Deep neural networks have achieved human-level accuracy on almost all
perceptual benchmarks. It is interesting that these advances were made using
two ideas that are decades old: (a) an artificial neuron based on a linear
summator and (b) SGD training.
However, there are important metrics beyond accuracy: computational
efficiency and stability against adversarial perturbations. In this paper, we
propose two closely connected methods to improve these metrics on contour
recognition tasks: (a) a novel model of an artificial neuron, a "strong
neuron," with low hardware requirements and inherent robustness against
adversarial perturbations and (b) a novel constructive training algorithm that
generates sparse networks with $O(1)$ connections per neuron.

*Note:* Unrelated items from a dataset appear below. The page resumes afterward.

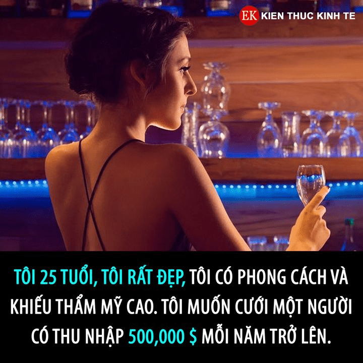 TÔI 25 TUỔI, TÔI RẤT ĐẸP, TÔI CÓ PHONG CÁCH VÀ KHIẾU THẨM MĨ CAO. TÔI MUỐN CƯỚI MỘT NGƯỜI CÓ THU NHẬP 500.000$ MỖI NĂM TRỞ LÊN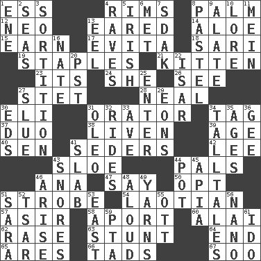 ACROSS 1. Double-curved letter 4. Basketball hoops 8. Inside of hand 12. Modern: prefix 13. Having ears or earlike features 14. Medicinal plant 15. Merit 17. Webber/Rice musical 18. Indian skirt 19. Paper fasteners 21. Baby cat 23. It is 24. A female animal or person 26. Perceive with the eye 27. Proofreading order 28. Actress Patricia 30. Connecticut Ivy Leaguer 31. Speaker 34. Label 37. Superhero pair 38. Make or become more lively 39. Ripen 40. Elected rep. 41. Spring feasts 42. Area sheltered from the wind 43. _ gin 44. Friends 46. Santa ___, CA 47. Declare 50. Elect 51. Disco prop 54. Of or relating to Laos or its people 57. SW Saudi Arabia district 58. To the left, to Queeg 60. Jai _ 62. Raze (variant) 63. Check the growth or development of 64. Conclusion 65. Ancient Greek god of war 66. Small boys 67. "Barney Miller" actor Jack DOWN 1. Compass dir. 2. Oceans 3. Determination 4. All-night dance parties 5. From or relating to Ireland 6. Was introduced to 7. Neighbor of Neb. 8. Soft color 9. Having winglike extensions 10. Old wives' tales, e.g. 11. Count _ (2 wds.) 13. Snakelike fish 16. Nathan's nickname 20. Pacific Standard Time (abbr.) 22. Austrian river, tributary to the Danube 25. Keyboard key 27. Change direction abruptly 29. Immeasurably long periods of time 30. Begley and Asner 31. Margarine 32. Amusement-park features 33. "___ Maria" 34. Baron Munchausen's specialties 35. Matures 36. Turn to the right 41. Thick slice 43. Sounds asleep 44. Cooking vessel 45. Capital of Western Samoa 46. Ascend 48. Verbally 49. Tall tales 51. "Two Mules for Sister ____" 52. Russian ruler of old 53. Compass direction 55. Baseball player Mel 56. Billionth: prefix 59. Parent Teacher Assoc. 61. Wedding promise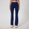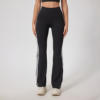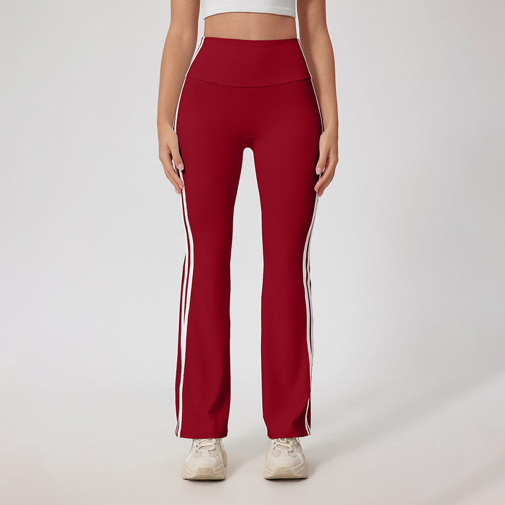 The elastic high-waisted band offers a secure, comfortable fit that moves with you, while the wide, flared legs give you extra freedom and flow. Made from a blend of nylon and spandex, these leggings provide excellent stretch and support, ensuring you stay comfortable through even the most intense workout routines. The striped design adds a trendy touch, making these leggings perfect for both fitness and fashion.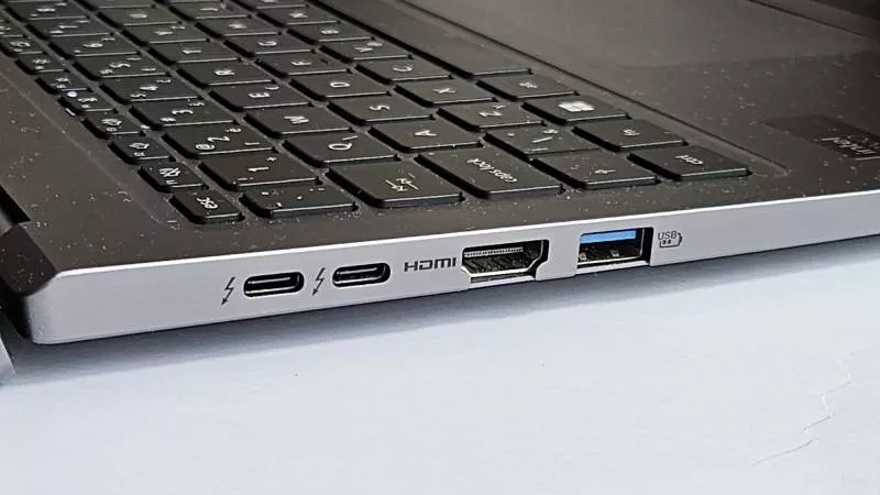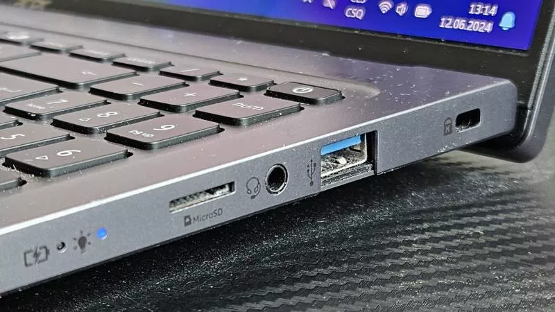 Portová výbava odpovídá výkonové a cenové kategorii, jsou zde dva plnohodnotné USB-C konektory s podporou dobíjení i přenosu videa (TB4), dva klasické USB-A 3.2 Gen1 konektory, HDMI 2.1, audiojack i slot pro paměťovou microSD kartu. Ani zde nenajdeme konektor pro připojení k LAN, nicméně existuje řada USB-C rozbočovačů nebo monitorů, které síťový konektor mají. Samozřejmě nechybí Bluetooth 5.2 a Wi-Fi 6E s podporou přenosů v obou pásmech. Velmi oceňujeme krytku webové kamery.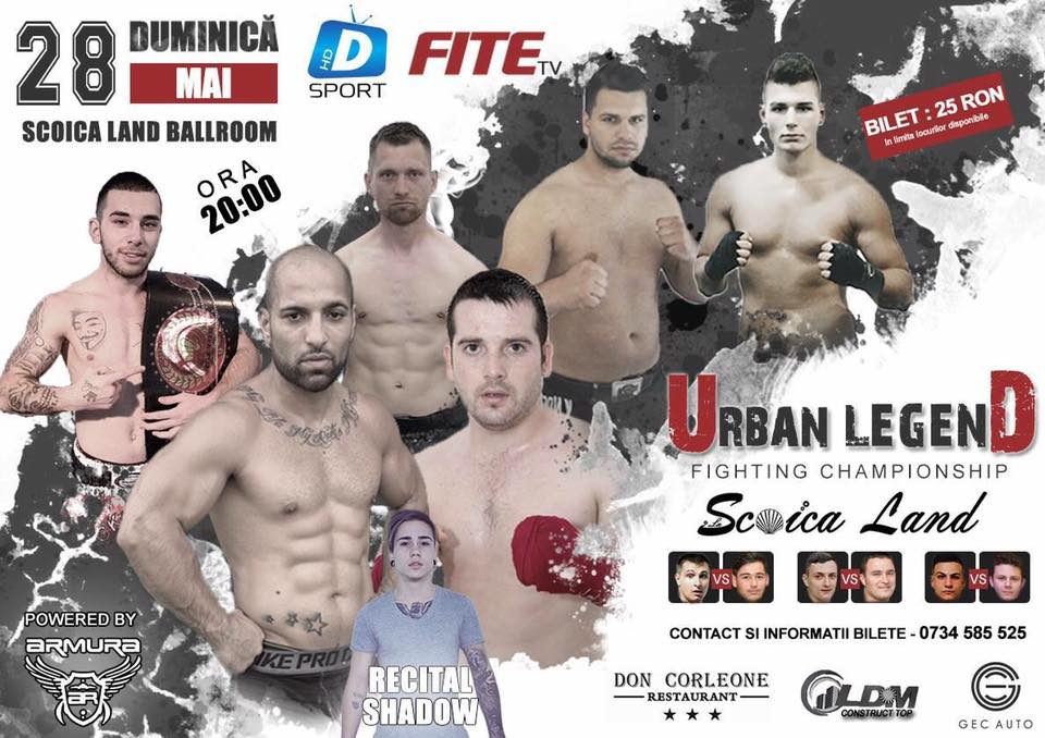 Today, 28 may, in La Scoica Ballroom, which is located just near Blue Berry house, will take place a fighting championship “Urban Legend”. The event will start at 20.00 and will host 6 best Romanian champions.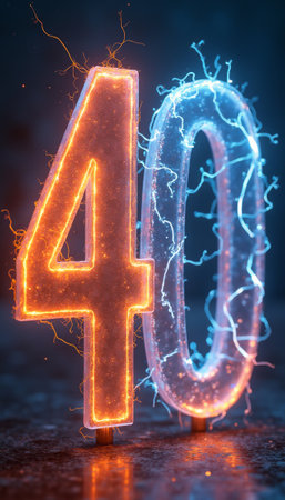 The striking number 40 stands tall, with one digit glowing in fiery orange and the other in cool blue, surrounded by dynamic electric sparks. This electrifying visual captures the essence of celebration and milestones, making it perfect for commemorating special occasions.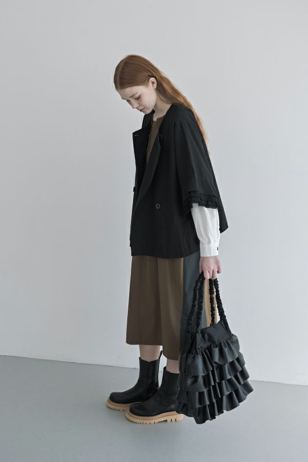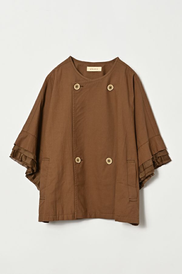 ロングシーズン着回せる、五分袖ショートジャケット。 短めの5分袖がベストのように気軽に羽織れる便利なライトアウター。裏なし仕様なのでロングシーズンにわたって活躍します。 身幅にはゆとりを持たせつつ、スッキリとしたバランスのクロップド丈が絶妙で、幅広い体型にも馴染みます。ノーカラーデザインが顔周りを明るく見せ、いろいろなコーディネートにマッチします。 製品洗いした綿素材は少しカジュアルな印象を与えつつ、同色系の切りっぱなしサテンフリルが袖口に施されており、ほんのり甘さをプラス。 今っぽいシルエットが可愛らしく、ワイドパンツやデニムパンツとのカジュアルコーディネートにぴったりです。また、スカートやワンピースにボレロ風に羽織ることで、エレガントな印象にもなり、シーンを選ばずに使えるアイテムです。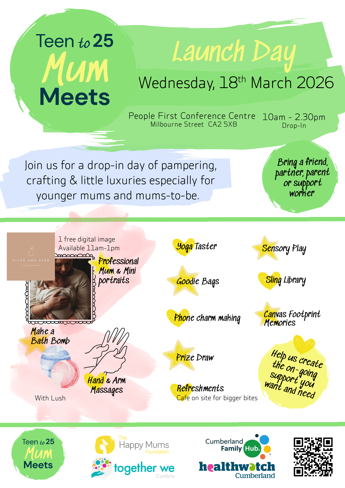 What: informal, drop‑in, baby‑friendly. We’ll co‑design the activities—anything from craft and chat, to practical workshops, to peer support. At a minimum, you’ll find friendly faces and other younger mums to connect with.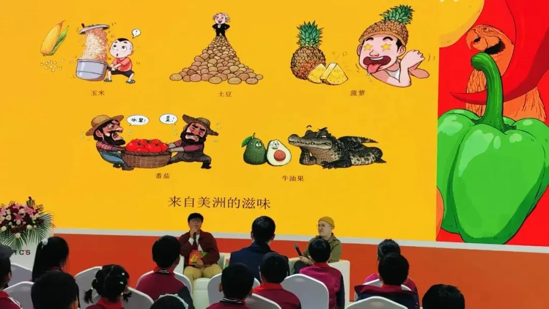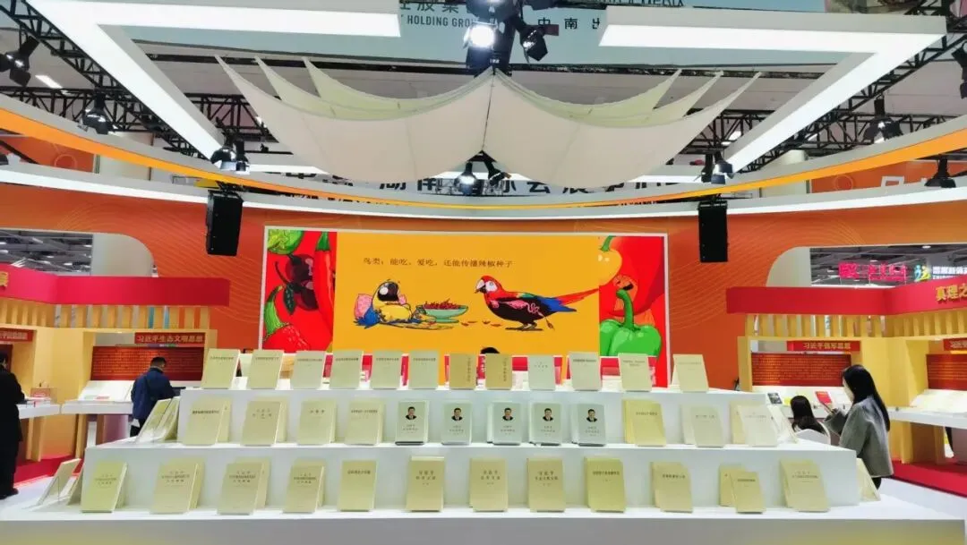 大厅中央,正在进行新书发布会。不知道是新发行什么书,没有细看。但是一定跟辣椒有关。因为展厅架子上挂着“湖南人能吃辣椒会出书”,展厅中央的屏幕上,展示的,正是鸟类能吃、爱吃辣椒,还能传播辣椒种子。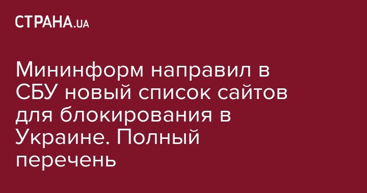 Министерство информационной политики Украины направило Службе безопасности Украины новый перечень сайтов, которые предлагает запретить в стране, говорится в ответе министерства на запрос агентства "Интерфакс-Украина".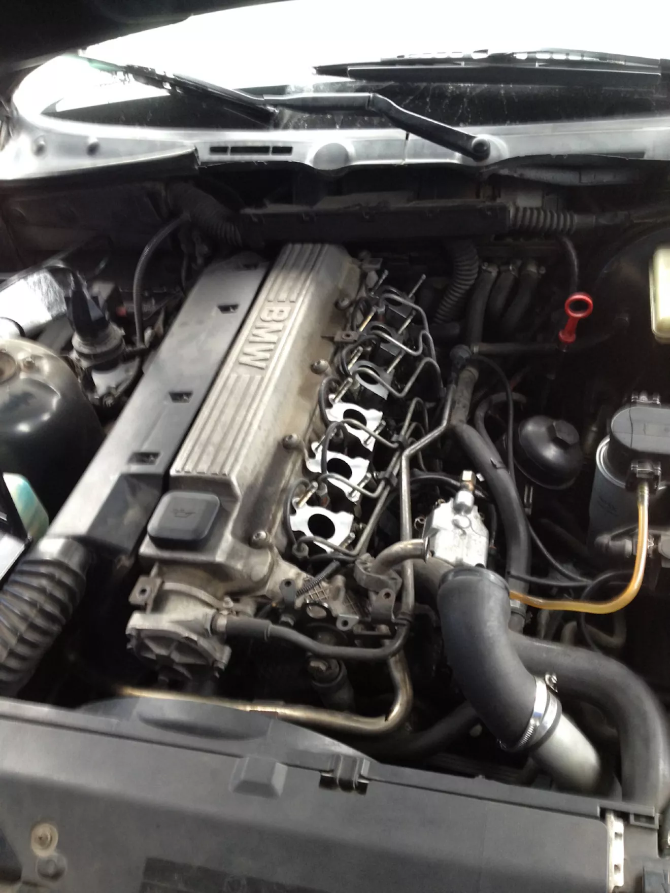 По технологии замена прокладок производится на снятом ТНВД и меняются они в комплексе, так как если заменить только 1-2 текущих уплотнения — то через время соляра найдет другое место в старых прокладках, а также после ревизии насоса нужно его калибровать на стенде. Однако для ускорения и удешевления процесса я уговорил товарища поменять только верхние потеющие прокладки без снятия насоса. Данную операцию на BMW с двигателем TDS (е34 525, е36 325, е38 725 е39 525) можно проделать без снятия насоса, сняв лишь впускной коллектор.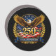 This richly detailed patriotic design commemorates the 250th Anniversary of the United States of America with a bold, ceremonial emblem. At its heart, a majestic bald eagle spreads radiant golden wings, symbolizing strength, vigilance, and enduring freedom. Behind the eagle, a deep navy star-filled circle evokes the American flag and the nation’s storied past. A dynamically flowing American flag sweeps beneath, adding motion and pride to the composition. Striking metallic gold numerals “250” anchor the design, flanked by the historic dates 1776 and 2026.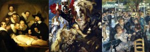 Rembrandt: Tulpius doktor anatómiája; Rubens: Sárkányölő Szent György; Renoir: Bál a Moulin de la Galetten egészben a Google képkeresőjében pillanatok alatt fellelhető. Bocsánatot kérek a képek megvágásáért a művészektől és a kedves olvasótól.

We demonstrate the feasibility of our approach through experiments on SVHN
and GTSRB benchmarks. We achieved an impressive 10x-100x reduction in
operations count (10x when compared with other sparsification approaches, 100x
when compared with dense networks) and a substantial reduction in hardware
requirements (8-bit fixed-point math was used) with no reduction in model
accuracy. Superior stability against adversarial perturbations (exceeding that
of adversarial training) was achieved without any counteradversarial measures,
relying on the robustness of strong neurons alone. We also proved that
constituent blocks of our strong neuron are the only activation functions with
perfect stability against adversarial attacks.